Rethink slows MOX construction
Work on a facility to convert weapons plutonium into reactor fuel is to be slowed down as the US National Nuclear Security Administration (NNSA) reconsiders its plutonium disposition strategy.
Installation work in the MOX Process Building during 2010 (Image: NNSA) |
The US Department of Energy's newly released budget request for 2014 calls for $320 million for the Mixed Oxide (MOX) Fuel Fabrication Facility (MFFF), being built at Savannah River in South Carolina by Shaw Areva MOX Services. This is down from $435 million in the current (2012) budget, reflecting the slowing down of the construction project and associated activities due to the strategy review.
Citing "cost and schedule pressures due to several factors," the budget request notes that the NNSA has tasked Shaw Areva MOX Services "to conduct a bottom-up review and update cost and schedule estimates." The US Government Accountability Office recently reported on forecasts of increases to total project costs and a likely delay in the startup of the facility from October 2016 to November 2019, although final costs would not be known until the review process is complete.

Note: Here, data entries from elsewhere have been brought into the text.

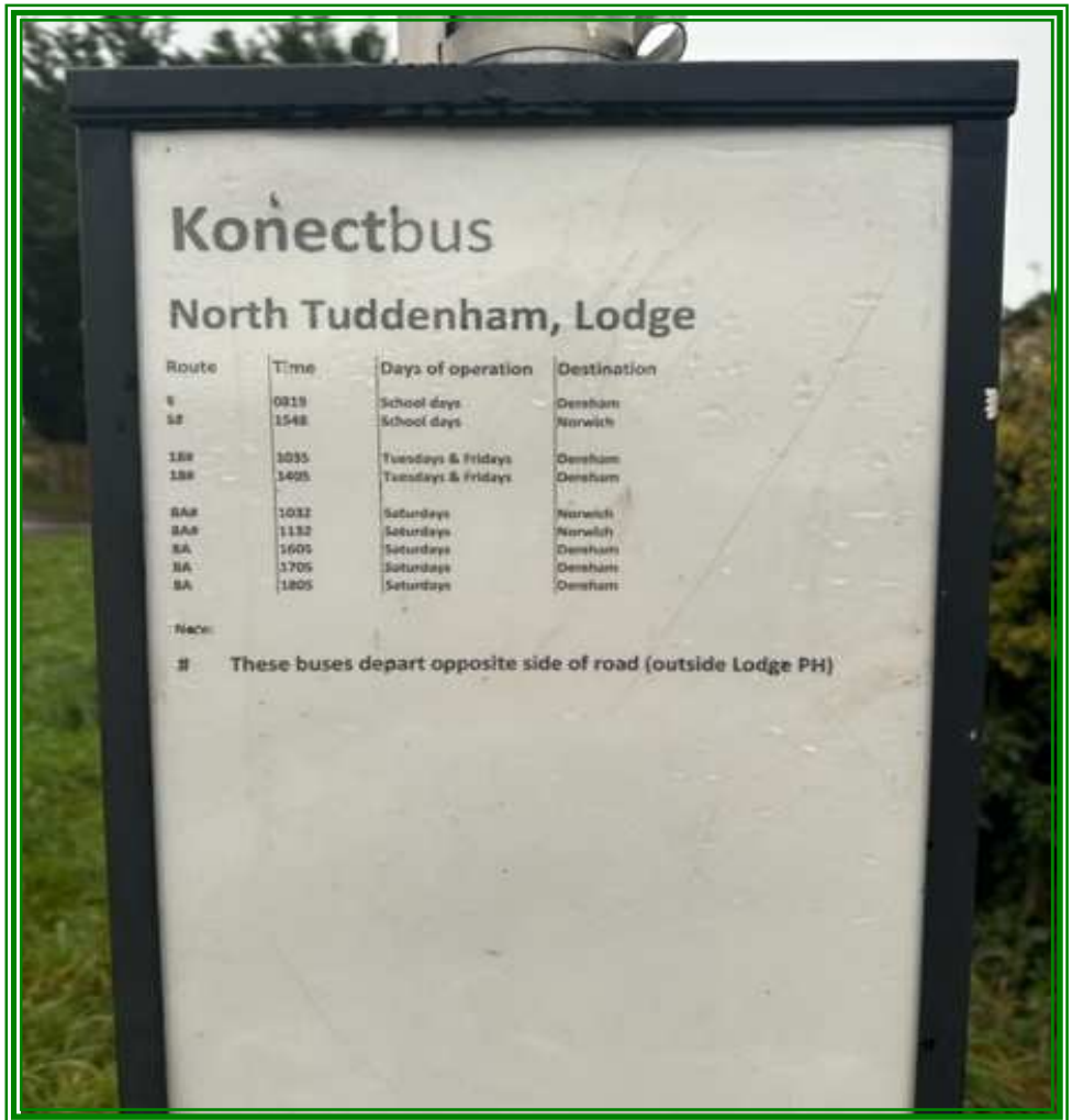
Konnectbus sign outside the Lodge

Relates to services 8, 18 & 8A School Days Tuesdays & Fridays Saturdays
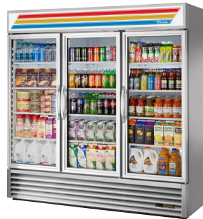
Optional Stainless Exterior
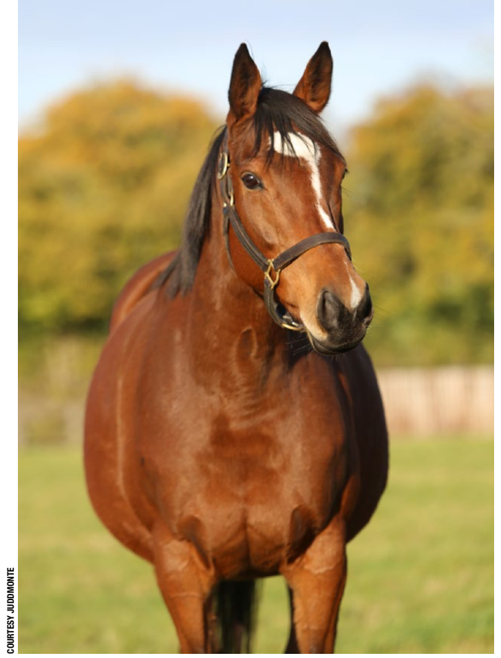
Enable in her paddock at Banstead Manor Stud
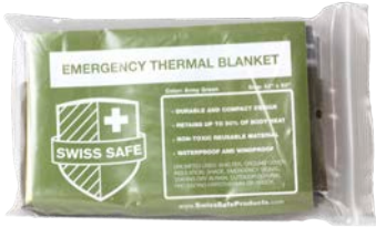
◆ HYPOTHERMIA BLANKET
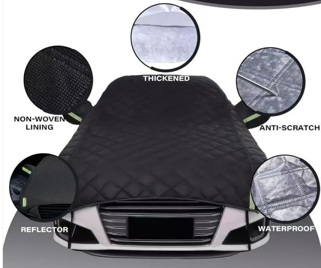
Image: Exploded view diagram illustrating the various protective layers and features of the car cover.
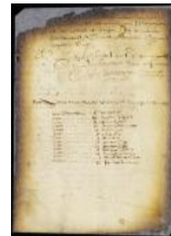
List of articles given in payment for Long Island (NYSA_A1809-78_V09_0554)
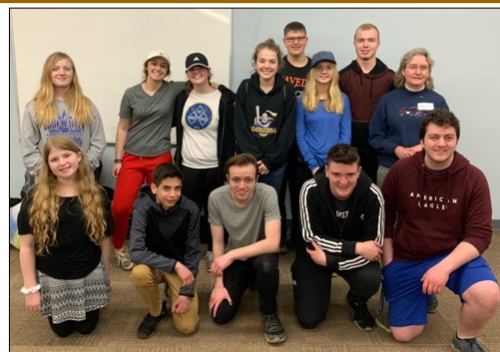
MARCK Chapter youth at this year’s retreat!

Scholarships: This year we have scholarships available ($300/person) for the first ten students who apply and are accepted. An additional requirement is that each youth involved is
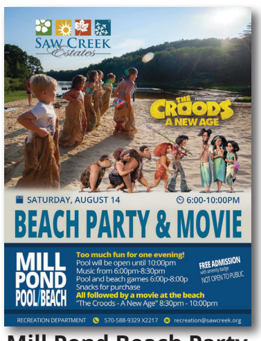
Mill Pond Beach Party
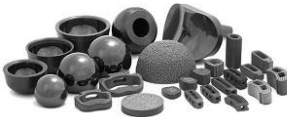
Fig. 4. Silicon nitride based spinal and orthopedic implants-courtesy Amedica Corp. USA.

Boron compounds are widely used in a tribological application like friction modifier, antioxidant, antiwear additives with the advantage of environmentally friendly. It is also a very favorable element for coatings and thin films in the biotribological and biomedical application. Anabtawi et.al. [51] evaluated the biocompatibility of boron coatings and Klepper et.al. [52] presented tribomechanical properties of thin boron coatings on cobalt alloy in an orthopedic application with no loss of coating during the test. They concluded that thin coating of boron on Co-Cr-Mo surface could prolong the life of Co-Cr-Mo – UHMWPE contact in the hip joint. The lubrication properties of h-boron nitride are comparable to those of phospholipids, which are the best lubricant in human [53]. Boron is a very hard material and provides lubricity with boric acid when boron oxide formed in a moist environment. The addition of boron nitride in non-oxide ceramic may present a good alternative for joint replacement material.
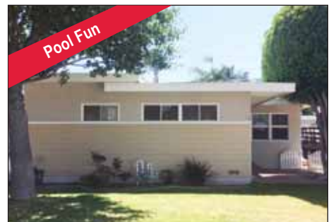
LONG BEACH $799,997 Call 1-800-473-0599, Enter Code 3128
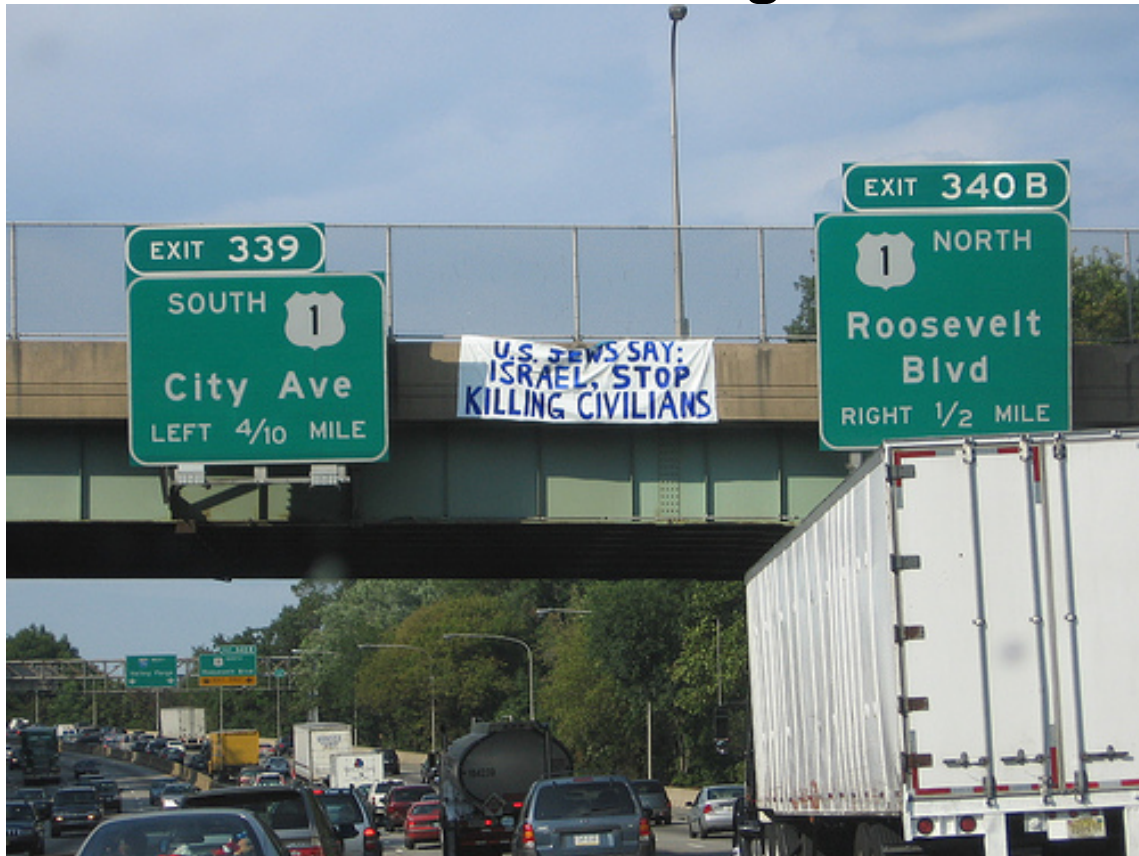
Philly Banner Drop: 8-22-2006 [Jewishconscience.blogspot.com]
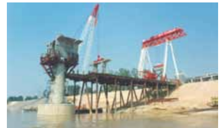
Mekong River Thai-Lao Friendship Bridge

TO DISCUSS A BRIDGING SOLUTION WITH THE MADSEN GIERSING TEAM, PLEASE CONTACT:
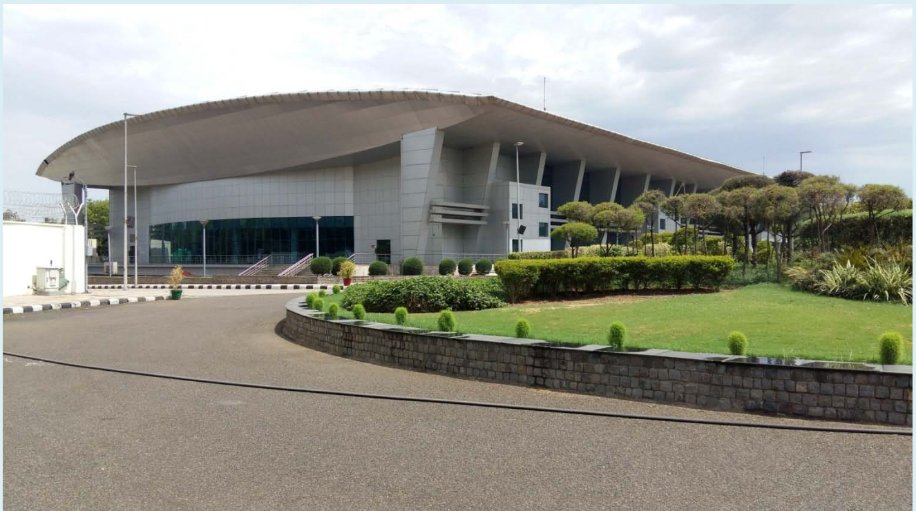
Multi-Purpose Hall of Delhi University
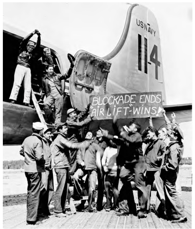
Happy crewmembers celebrate the end of the Airlift in front of U.S.Navy R5D-2 BuNo 39114

and C-54s together flew over 92 million miles in the process, almost the distance from Earth to the Sun. At the height of the Airlift, one plane reached West Berlin every thirty seconds.
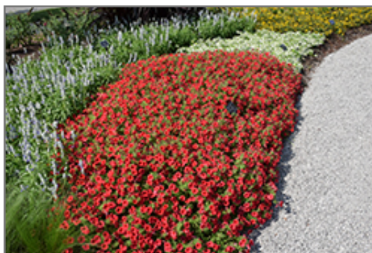
Supertunia Mini Vista Scarlet Petunia in bloom
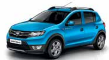
Azure Blue (RPL)
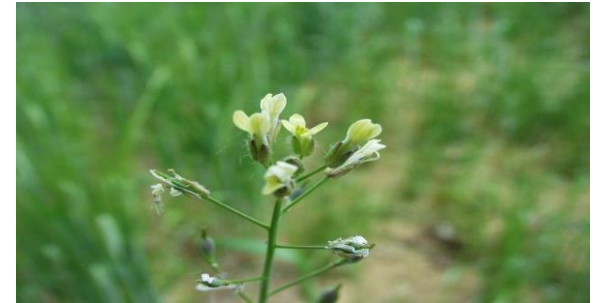
Soy 20/20 (SK)

Development of Camelina Sativa, a new dedicated oilseed crop generating new income opportunities for producers
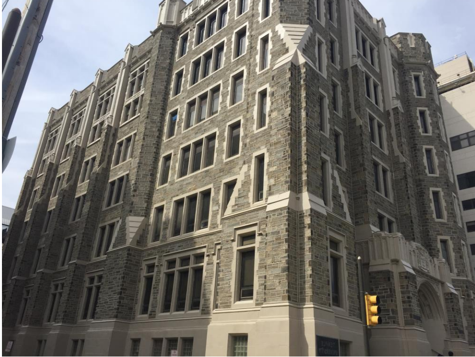
Conwell Hall, restoration complete.
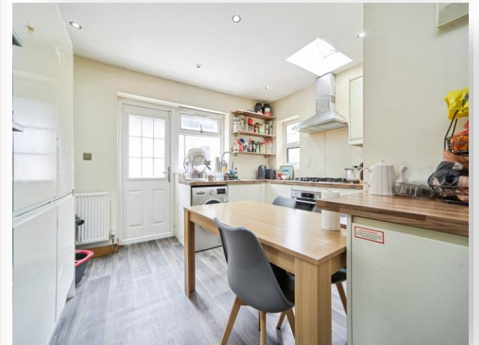
St. Wilfrids Avenue, Leeds LS8 3PD
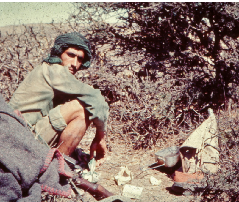
A member of the Sultan's Armed Forces (SAF) in 1970
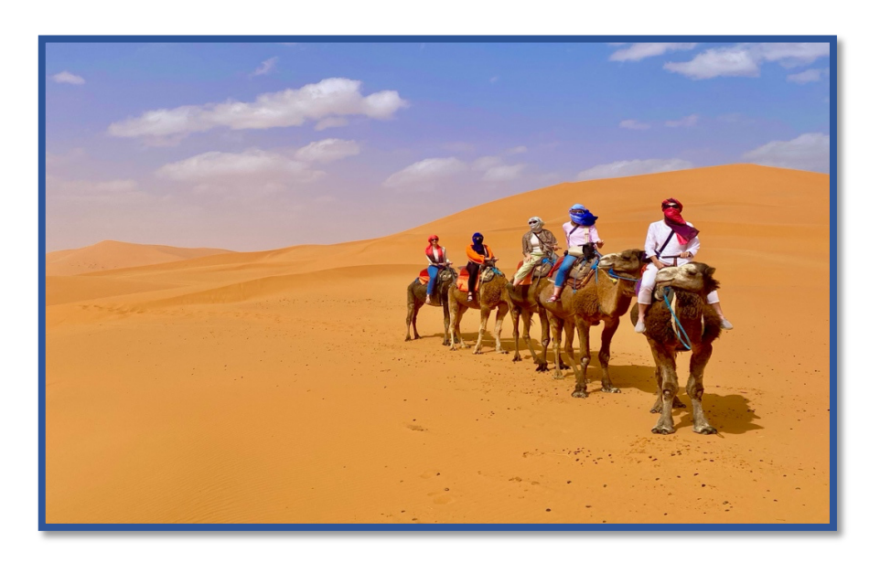
3 – 18 April 2026

Ladies only, small group tour – just four guests 16 days/15 nights
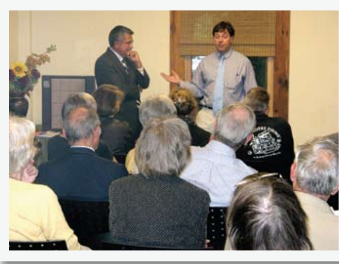
Healthcare Reform Presentation at FCH

Transportation – The Foundation has been exploring alternative solutions to transportation issues in our service area. A task force was formed with interested parties to identify and discuss options for developing collaborative and multi-municipal transportation services in northeast Dutchess County. Nelson/Nygaard Consulting Associates was commissioned by the Foundation to conduct a transportation feasibility study of eastern Dutchess. The findings and recommendations will be used to enhance existing transportation and for planning new services. We are working with the Dutchess County Department of Planning & Development, Transportation Council, and providing them with the study results to help design routes and schedules that will serve our area.
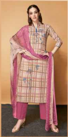
STYLE # 139-006
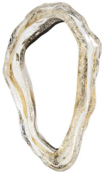
Crystal + Champagne + Soda

Width: 180 mm (7,09 in) Height: 280 mm (11,02 in) Depth: 68 mm (2,68 in) Weight: 2,8 Kg
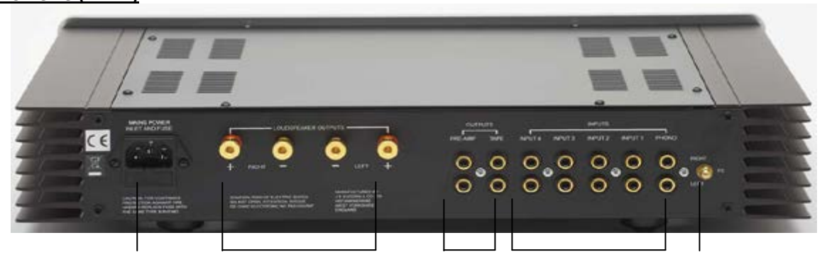
MAINS INPUT LOUDSPEAKER OUTPUT SIGNAL OUTPUTS SIGNAL INPUTS EARTH
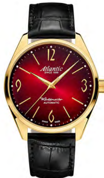
51752.45.99G | Automatic

In its comments on the 2014 budget request, NNSA says it remains "firmly committed" to disposing of excess plutonium, but notes that the "budget environment has changed, and we have to make tough long-term decisions." It describes the MOX project as a "major, one-of-a-kind, complex civilian nuclear project that was started at a time when the US nuclear industry had atrophied and there hadn't been a major civilian nuclear project in several decades." Now, with resources curtailed by federal budgetary constraints and sequestration, the agency is required to "step back and review all available options."
NNSA told World Nuclear News that it was beginning discussions with its constructor counterparts to determine what activities could be most cost effectively slowed.
The MFFF is being built as America's way to carry out a bilateral deal with Russia that sees both countries dispose of 34 tonnes of weapons-usable plutonium. Construction began on the plant in 2007, and earlier this month Shaw Areva Mox Services announced the completion of the exterior structure of the 600,000 square foot (56,000 square metre) facility. There is currently no agreed customer for the eventual MOX fuel, while Russia has decided to incorporate its plutonium into fuel for fast-neutron reactors, rather than MOX for conventional units.